Kalimatku terputus. Sesuatu yang basah tiba-tiba mengalir dari pelupuk mataku. Kristal bening yang selama ini aku tahan, nyatanya sudah tak bisa dibendung. Dia menatapku heran.

"Ada apa? Kenapa tiba-tiba kau menangis? Apa aku terlalu memaksamu? Ataukah ceritamu ini begitu menyakitkan? Maaf jika iya."

Aku hanya tersenyum menggeleng. Tidak. Dia sama sekali tidak memaksaku dan juga dia tidak menyakitiku. Hanya aku sebenarnya lelah. Lelah dengan sebuah ketidakpastian yang diriku sendiri yang membuatnya. Lelah dengan sebuah penantian yang memberikanku harapan. Ya, aku lelah dengan semua keadaan itu.
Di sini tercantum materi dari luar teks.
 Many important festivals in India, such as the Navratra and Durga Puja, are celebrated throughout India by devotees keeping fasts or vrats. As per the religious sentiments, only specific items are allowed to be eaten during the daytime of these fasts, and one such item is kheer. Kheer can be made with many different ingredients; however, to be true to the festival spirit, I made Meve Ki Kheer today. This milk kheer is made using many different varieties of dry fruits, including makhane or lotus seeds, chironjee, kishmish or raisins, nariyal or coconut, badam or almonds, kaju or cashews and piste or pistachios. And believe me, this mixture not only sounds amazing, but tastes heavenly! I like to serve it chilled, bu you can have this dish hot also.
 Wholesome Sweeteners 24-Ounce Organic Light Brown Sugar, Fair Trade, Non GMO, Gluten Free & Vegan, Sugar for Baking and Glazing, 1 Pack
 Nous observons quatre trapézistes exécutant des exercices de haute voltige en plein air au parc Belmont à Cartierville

Setelah aku berhasil menghapus jejak kristal itu, aku mulai mengumpulkan keberanian mengatakan kepadanya kembali.

"Kau sama sekali tidak memaksaku untuk membagi sedikit beban ini. Kau juga tidak salah. Jadi, tidak perlu minta maaf. Aku akan memulainya. Tolong kau dengarkan dan jangan mengatakan apapun sebelum ceritaku selesai."
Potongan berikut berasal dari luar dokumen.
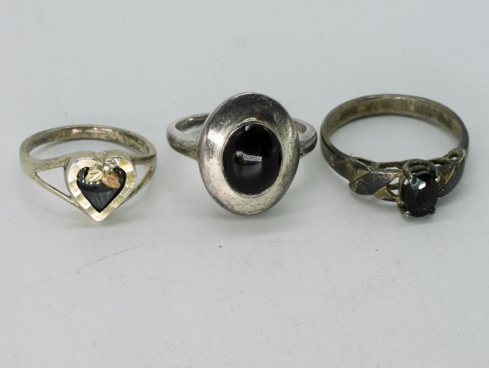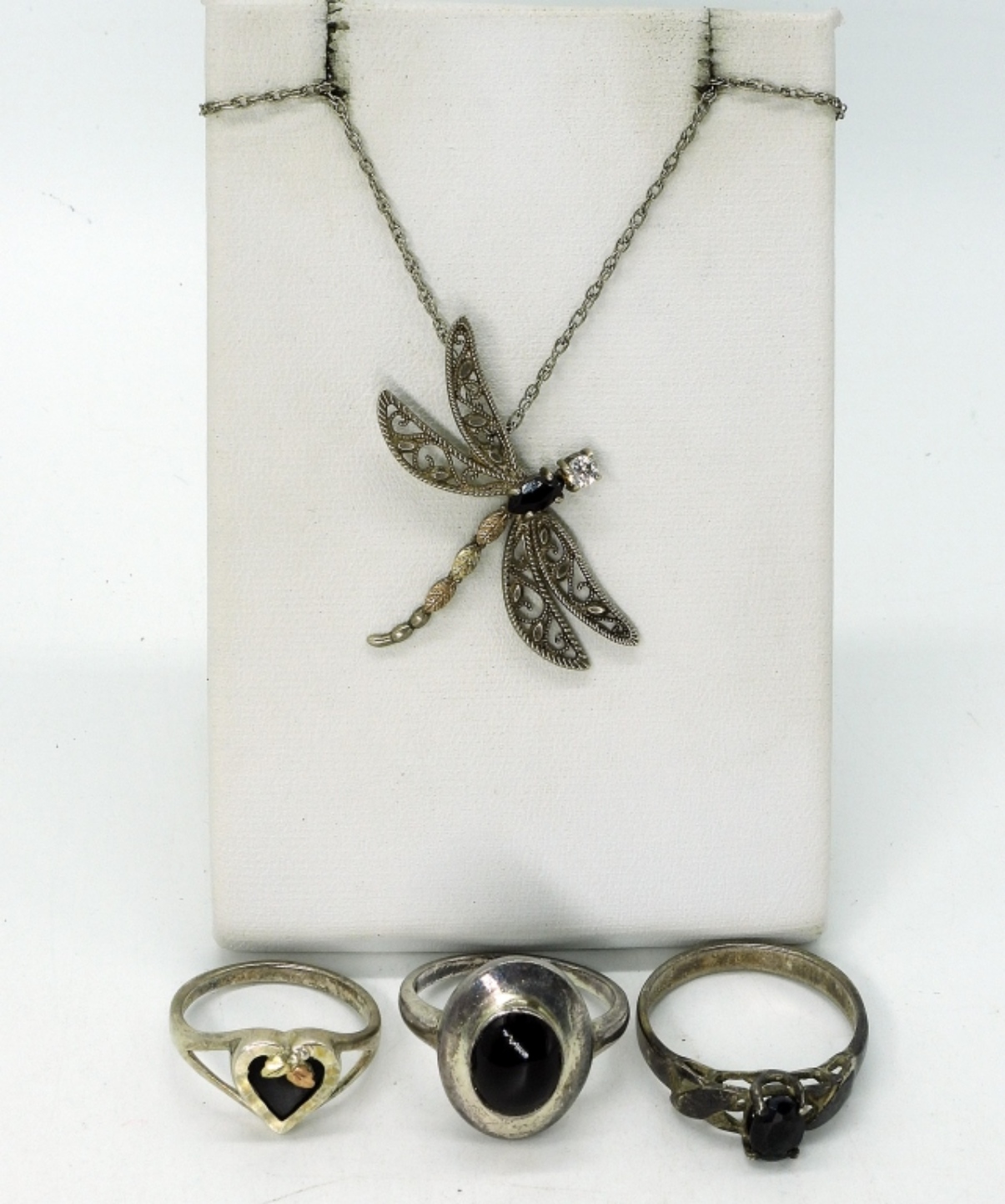 Vintage sterling dragonfly pendant 1.5″ on a 19″ sterling chain. Three sterling rings, sizes 6, 7, 9. (8 dwt)
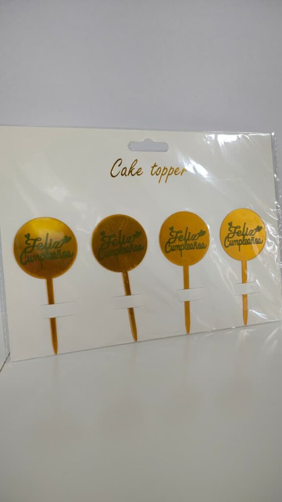 / Cake Topper Feliz Cumpleaños Círculos x 4 Unid. Dorado IMP. 52292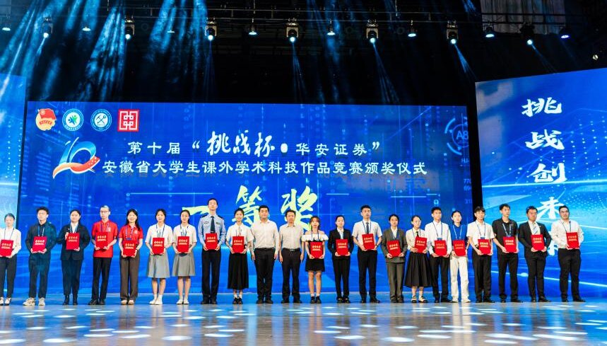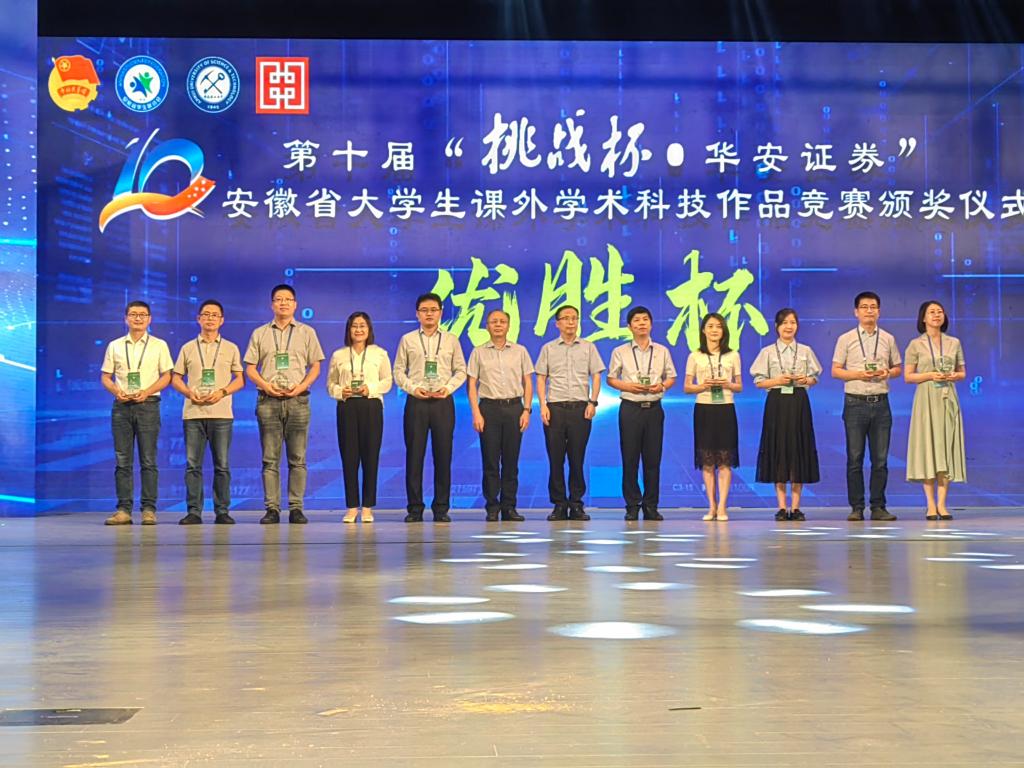 挑战青春,科创未来。6月11日下午,由团省委、省教育厅、省科协、省社科院、省学联共同举办的第十届“挑战杯 华安证券”安徽省大学生课外学术科技作品竞赛在淮南艺术文化中心落下帷幕。bat365官网获得一等奖2项,二等奖8项,并在该项赛事中荣膺“优胜杯”。
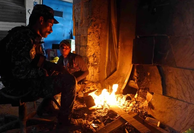 À l’entrée du marché couvert tout poussiéreux, un commandant de l’ERD s’arrête pour informer les soldats que le bulldozer de l’EI a enfin été neutralisé. La nouvelle est accueillie dans un silence de mort et par quelques hochements de tête. D’implacables tirs de mitrailleuse, tirés par les deux camps, ricochent autour du souk couvert. Les guillerettes sonneries des téléphones mobiles des soldats résonnent étrangement dans ce décor.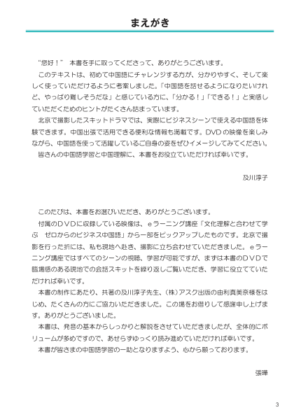 発音の基礎からビジネスシーンでの応用まで、中国語に初めてチャレンジする方も、少し勉強してさらに実際の運用力をつけようという方も、分かりやすく、楽しみながら学習できる実用中国語テキストです!
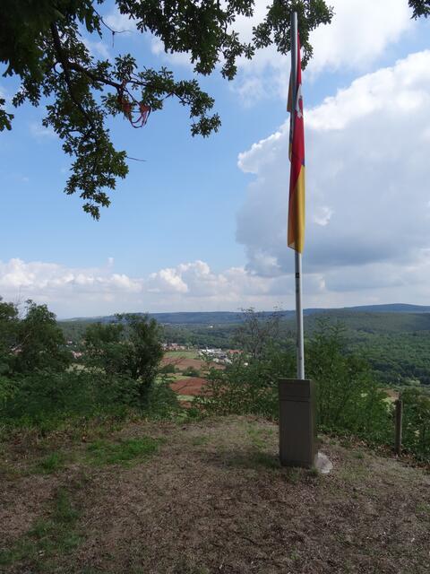 Nach der Stärkung genossen wir noch die Aussicht von der Ludwigshalle in Richtung Donnersberg. Weiter Pfade führten uns in Richtung Arleshof und Schotterwege zur Burgruine Stauf, mit ebenfalls toller Aussicht in den Pfälzerwald. Nach Besichtigen der Burg fuhren wir technisch bergab in Richtung Ramsen. Dort durch den Ort durch zum Eiswoog.
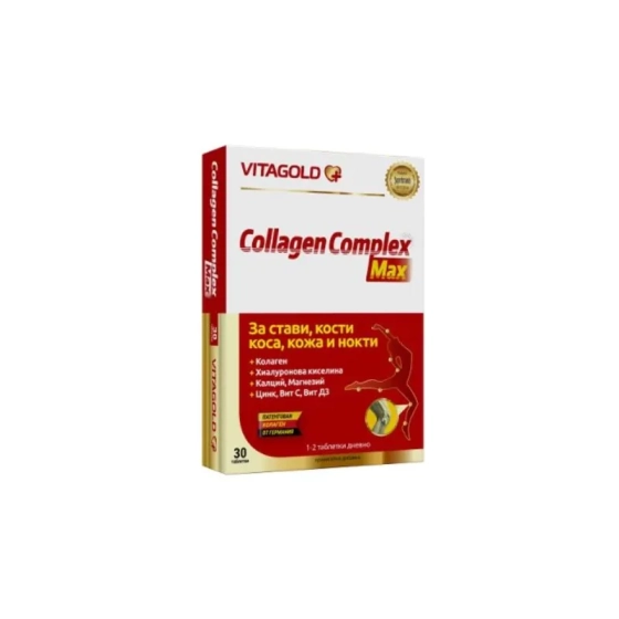 Колаген компелкс макс таблетки за стави, кости, коса, кожа и нокти х30 Vitagold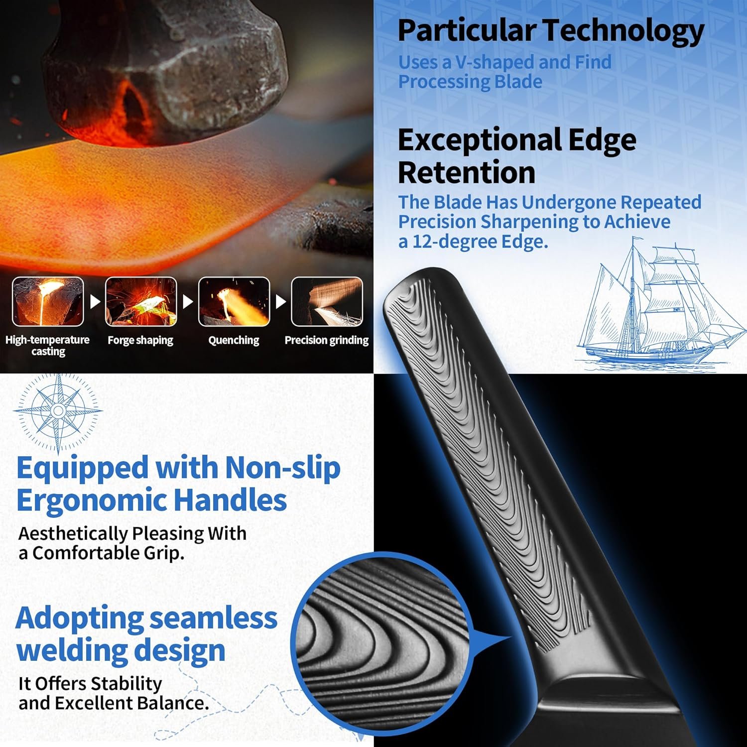 The blade of this kitchen knife is made of high-quality stainless steel, using a V-shaped and fine processing blade, which can maintain the sharpness of the chef knife for a long time with incredible robustness and quality.

"Oke. Tapi apa ini ada hubungannya denganku?"

Ada. Tentu saja ada. Tetapi aku tidak bisa mengatakan padanya. Mengatakan iya sama saja aku membohonginya, karena pasti dia berpikir aku sudah tak jujur dengan mengatakan bahwa dia tidak salah. Sedangkan nyatanya berbeda.

"Ada. Karena kau pernah mendengarkan ceritaku ini sebelumnya." Berkata ada dengan alasan yang berbeda agar dia

"Well, now you can say anything about you story."

"Aku pernah bercerita padamu mengenai sesorang yang selalu datang dan pergi dengan segala perasaan yang kurasakan padanya bukan?"

"Iya. Lalu?"

"So, aku tak perlu lagi bercerita dari awal. Aku ingin menghapus perasaan yang aku rasakan padanya. Dan aku rasa usahaku kali ini berhasil. Tapi, seketika aku bertemu denganya kembali, aku merasa sepertinya ada yang kosong."

"Apa kau masih memiliki perasaan ini walau sedikit?"

"Hah.. Entahlah. Saat berada di dekatnya aku sudah tidak lagi merasakan gugup seperti sebelumnya. Setelah bertemu dengannya pun tak ada hal aneh yang aku lakukan untuk mengganggunya. Semua normal seperti biasanya, hanya saja ada sesuatu yang kosong."

"Apa itu sebabnya kau menagis?"

"Mungkin. Kalau pun sekarang aku memandangnya dan bertemu. Barang kali diantara kami ada sebuah dinding kaca tak terlihat yang menjaga."

"Siapa orang itu? Aku penasaran ingin tahu. Karena jujur ingatanku buruk ketika mengingat nama dan wajah seseorang."

Orang itu kau.

"Kau mengenalnya." hanya kalimat itu yang aku ucapkan.

"Siapa?"

"Sudahlah, aku tak mau lagi membahasnya. Oh iya, terima kasih sudah mau mendengarkan."

"Kau ini. Aku ini sahabatmu tak perlu merasa sungkan. Baiklah, kau mau minum sesuatu? Kopi mungkin? Aku mau ke dapur mengambil minuman karena kau sama sekali tidak menyediakannya kepadaku saat aku datang."

"Tidak. Saat ini aku tidak ingin kopi. Susu saja sebagai gantinya."

"Tumben. Biasanya sesuatu yang pahit yang selalu kau butuhkan ketika hatimu sedang kacau. Kenapa sekarang sesuatu yang manis?"

"Hanya sedang ingin saja. Apa tidak boleh? Dan siapa bilang kalau itu manis?"

"Lalu?"

"Rasanya anta, tidak manis dan pahit. Tak berasa sama sekali dan itu yang aku butuhkan sekarang."

"Baiklah, tuan putri. Tunggu pelayan pribadimu kembali ya."

Dia yang masih mampu membuatku tersenyum. Dia yang sudah lama selalu membantuku. Dia yang mungkin tidak tahu bahwa dirinya penyemangatku untuk terus berkarya. Dia yang sudah mengisi hati ini, aku meminta maaf. Karena harus kehilangan perasaan spesial dalam diriku untuknya.